10 Resume Mistakes That Are Costing You Interviews (And How to Fix Them)
76% of resumes are eliminated because of simple, completely fixable mistakes. If you're applying to jobs and not hearing back, there's a good chance your resume has at least one of these problems. Here's how to identify and fix all of them.
May 2026 · 6 min read
Using a generic resume for every application
The Problem
Sending the same resume to 50 different jobs is one of the biggest mistakes job seekers make. ATS systems rank you against the specific keywords in each job description. A generic resume matches few of them.
The Fix
Tailor your resume for every application. At minimum, adjust your headline and bullet points to reflect the language in the job description. It takes 10 extra minutes and dramatically increases your ATS score.
Writing job duties instead of achievements
The Problem
'Responsible for managing social media accounts' tells a recruiter nothing. Everyone with that job managed social media. What you actually accomplished is what matters.
The Fix
Rewrite every bullet as an achievement: Action verb + what you did + measurable result. 'Grew Instagram following by 140% in 6 months through daily posting strategy and engagement campaigns.'
Using an ATS-unfriendly template
The Problem
Beautiful multi-column templates with tables, text boxes, and icons look great to humans but confuse ATS parsers. The system may scramble your information or miss it entirely, tanking your ranking.
The Fix
Use a clean, single-column template with standard section headings. Avoid Canva resumes for job applications — most are ATS disasters despite looking polished.
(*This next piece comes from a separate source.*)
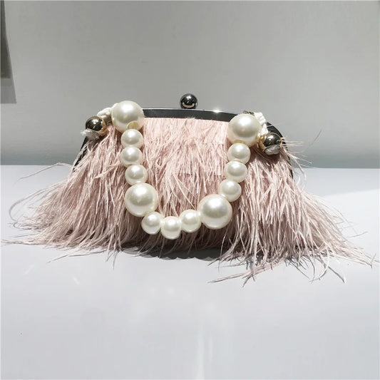 Luxy Moon Feather Handbag Women's Evening Clutch Bag White Pearl Chain Shoulder Bag Luxury Women Bags Design Party Purse ZD1647

Typos and grammatical errors
The Problem
76% of hiring managers eliminate candidates for even one or two typos. It signals carelessness — which is particularly damaging for any role requiring attention to detail.
The Fix
Read your resume backwards (forces you to read each word). Then paste it into Grammarly. Then have someone else read it. Never submit a resume you've only proofread yourself.
Resume is too long (or too short)
The Problem
A 4-page resume for a mid-level candidate suggests poor communication skills. A half-page resume for a 10-year career signals a lack of substance.
The Fix
One page for under 10 years of experience. Two pages maximum for senior roles. Cut roles older than 15 years unless directly relevant. Every line must earn its place.
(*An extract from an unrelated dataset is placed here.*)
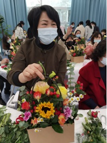 在“花樣幸!被顒蝇F場春意盎然、花香四溢,姐妹們在老師的指導下相互討論、借鑒,享受著DIY創作的樂趣。一花一草經過修剪、層層搭配,變成了一件件錯落有致、獨具匠心的花卉作品。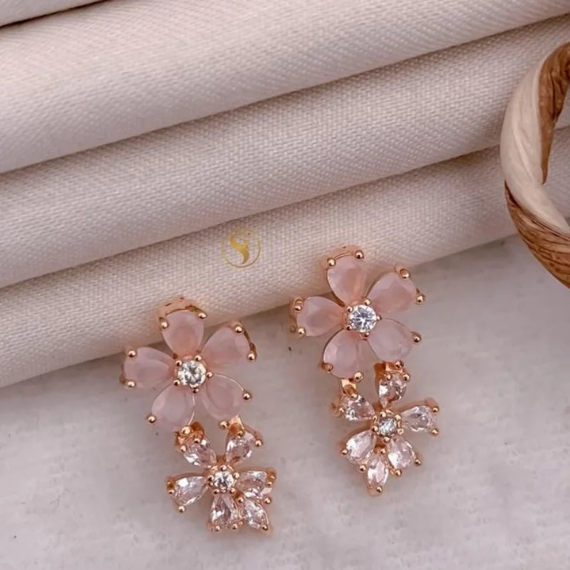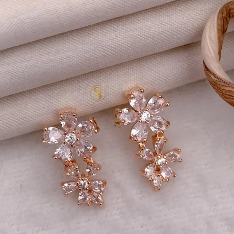 Full Description Elevate your jewelry collection with these exquisite Rose Gold Pearl & American Diamond Studs. These earrings are a perfect

Missing keywords from the job description
The Problem
ATS systems scan for exact keyword matches. If the job description says 'stakeholder management' and your resume says 'working with stakeholders', you may score lower or fail the filter entirely.
The Fix
Read the job description carefully and mirror its language. If it says 'Python', say 'Python' — not 'scripting language'. If it says 'cross-functional collaboration', use that exact phrase.
Putting contact information in a header or footer
The Problem
Many ATS systems skip headers and footers entirely. Your phone number and email may never be parsed, making it impossible for the employer to contact you even if you rank well.
The Fix
Place all contact information in the main body of your resume — name, email, phone, LinkedIn, and location in the first section, not in document headers.
Vague or buzzword-heavy summaries
The Problem
'Results-driven professional with a passion for excellence' — every recruiter has read this a thousand times. It says nothing and wastes prime real estate at the top of your resume.
The Fix
Write a 2–3 sentence summary that states your role, years of experience, and one or two specific, quantifiable achievements. Make it specific enough that it could only be about you.
Inconsistent formatting
The Problem
Mixing date formats (Jan 2024 vs 01/2024), inconsistent use of bold, or varying bullet styles make your resume look unprofessional and harder to skim.
The Fix
Pick one format for everything and apply it consistently. Dates should all match. Bullets should all be the same style. Spacing between sections should be uniform.
No skills section (or a skills section that's too generic)
The Problem
ATS systems often scan specifically for a Skills section. If you don't have one, or if it just says 'Microsoft Office, Communication, Teamwork', you're missing an easy keyword opportunity.
The Fix
Create a dedicated Skills section with specific, relevant hard skills: programming languages, tools, platforms, methodologies, certifications. Soft skills belong in your bullet points, demonstrated through examples.
Quick self-audit checklist
Is my resume tailored to this specific job?
Does every bullet point show an achievement, not just a duty?
Is my template ATS-friendly (single column, no tables)?
Have I proofread for typos at least twice?
Is my resume 1–2 pages maximum?
Have I included keywords from the job description?
Is my contact info in the body of the document (not in a header)?
Is my summary specific and free of buzzwords?
Is my formatting consistent throughout?
Do I have a dedicated skills section with specific hard skills?